Avec retard, mais avec résolution, l’Allemagne venait donc de prendre place parmi les nations intéressées par l’Afrique. Le contexte international imposait qu’une tractation coloniale se fasse au niveau européen. Afin que les rivalités coloniales ne se transforment pas en conflits armés entre les puissances, et pour que l’Allemagne ait une "part" d’Afrique à la hauteur de sa puissance en Europe, Bismarck réunit une conférence internationale à Berlin. Elle se tint du 15 novembre 1884 au 26 février 1885. Le partage du continent y fut organisé et codifié.
En 1890, Bismarck fut écarté des affaires par l’empereur Guillaume II. A partir de cette époque, une nouvelle politique fut suivie.
Ne se contentant plus de réclamer la liberté pour ses maisons de commerce, le Reich exigea une place en Afrique correspondant à sa véritable puissance. Vecteur de cette volonté, la Ligue pangermaniste (Alldeutscher Verband) diffusa ses idées au moyen de nombreuses publications ; ses relais dans la presse nationale et régionale étaient très influents. Divers comités coloniaux soutenaient, favorisaient ou encourageaient les initiatives gouvernementales. Les milieux industriels et financiers acquis à l’expansion coloniale agissaient auprès de différents organes de presse et l’ensemble entretenait un climat favorable à la revendication d’une "place au soleil" pour l’Allemagne.
A partir de 1890 toujours, l’Etat allemand prit la place des compagnies coloniales incapables de mener cette nouvelle politique qui était d’assurer au Reich une place en Afrique digne de sa puissance.

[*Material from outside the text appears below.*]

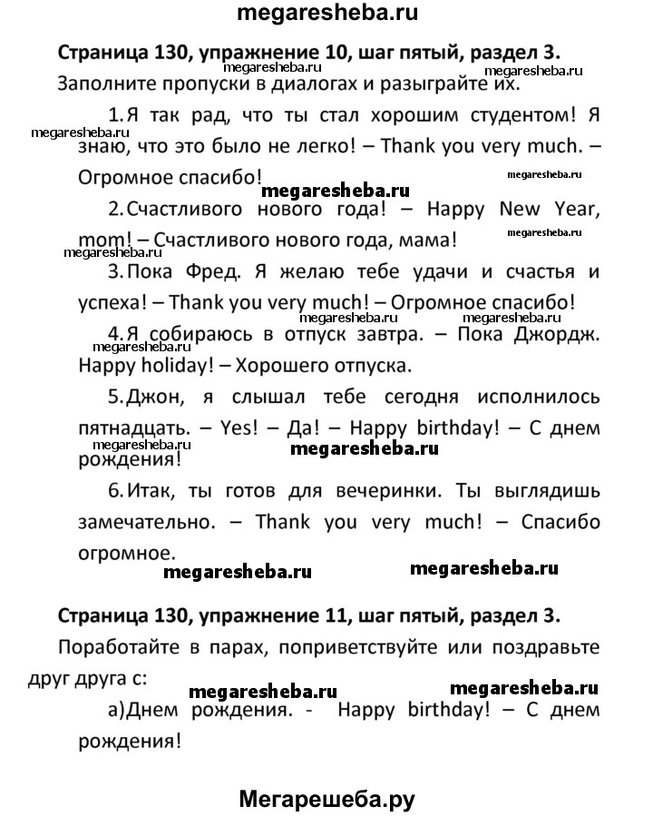 ГДЗ по английскому языку 8 класс Афанасьева новый курс (4-ый год обучения) решение к разделу: страница - 130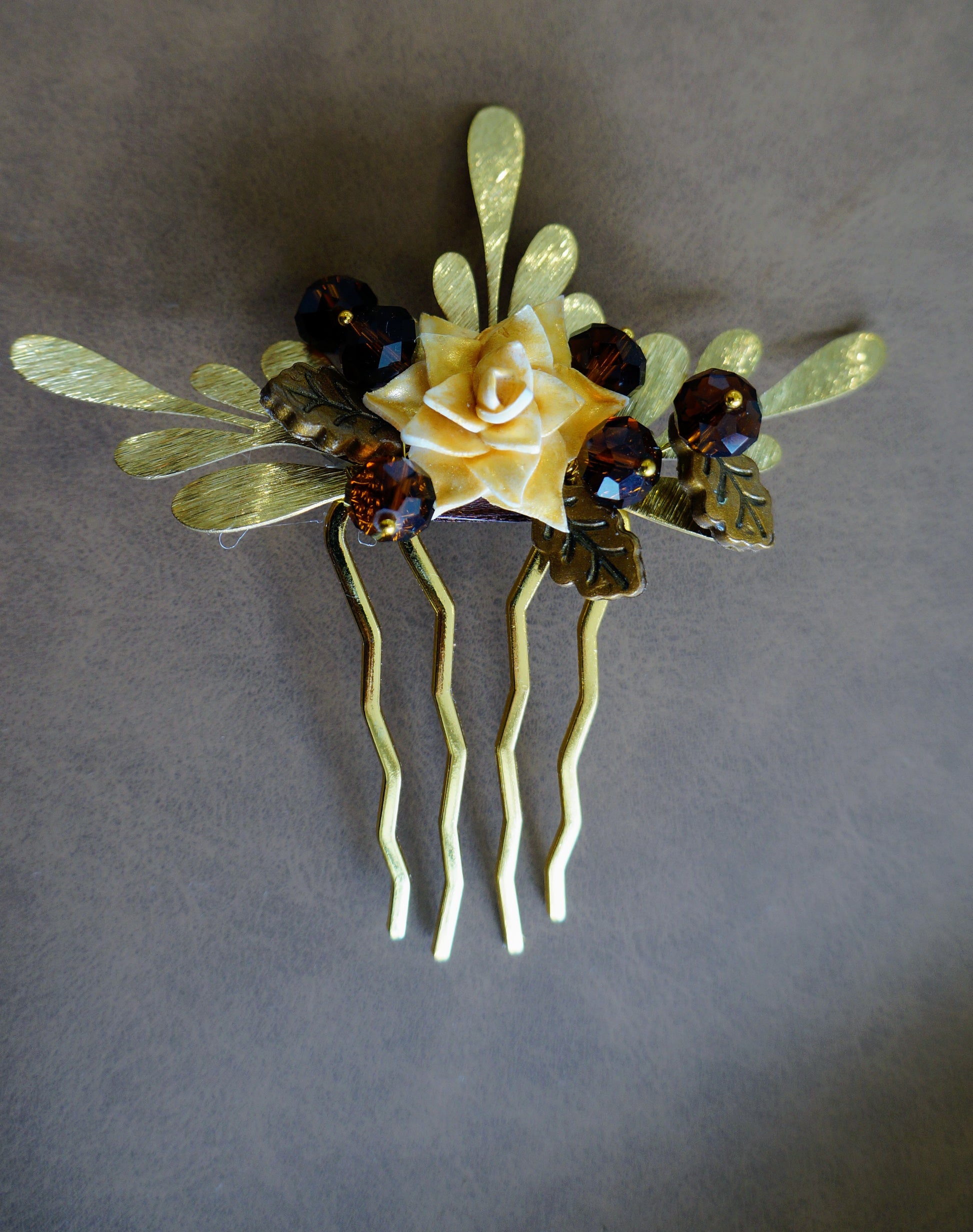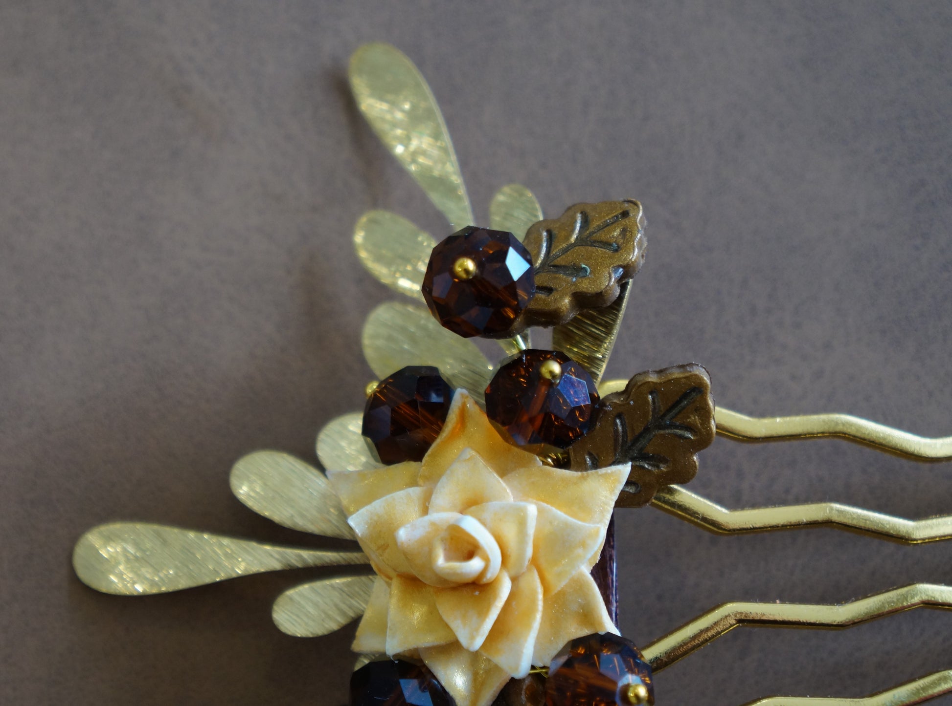 No centro, uma flor delicadamente moldada à mão em argila de polímero revela textura e profundidade, envolvida por folhas metálicas douradas que captam a luz com suavidade. Os cristais checos facetados em tom âmbar acrescentam pontos de brilho sofisticado, criando um equilíbrio harmonioso entre romantismo e modernidade.

Un problème se posait, cependant, qui était de savoir comment faire un Empire à partir d’une poussière de modestes comptoirs. Ce fut l’oeuvre d’un homme, le Dr. Kayser, directeur de la Section coloniale du ministère des Affaires étrangères.
Il ne fut guère encouragé par le chancelier Caprivi, successeur de Bismarck ; il lui fallut en effet attendre 1894 pour que le chancelier Hohenlohe, après avoir définitivement engagé l’Allemagne dans une véritable politique coloniale, accepte une augmentation significative des crédits coloniaux.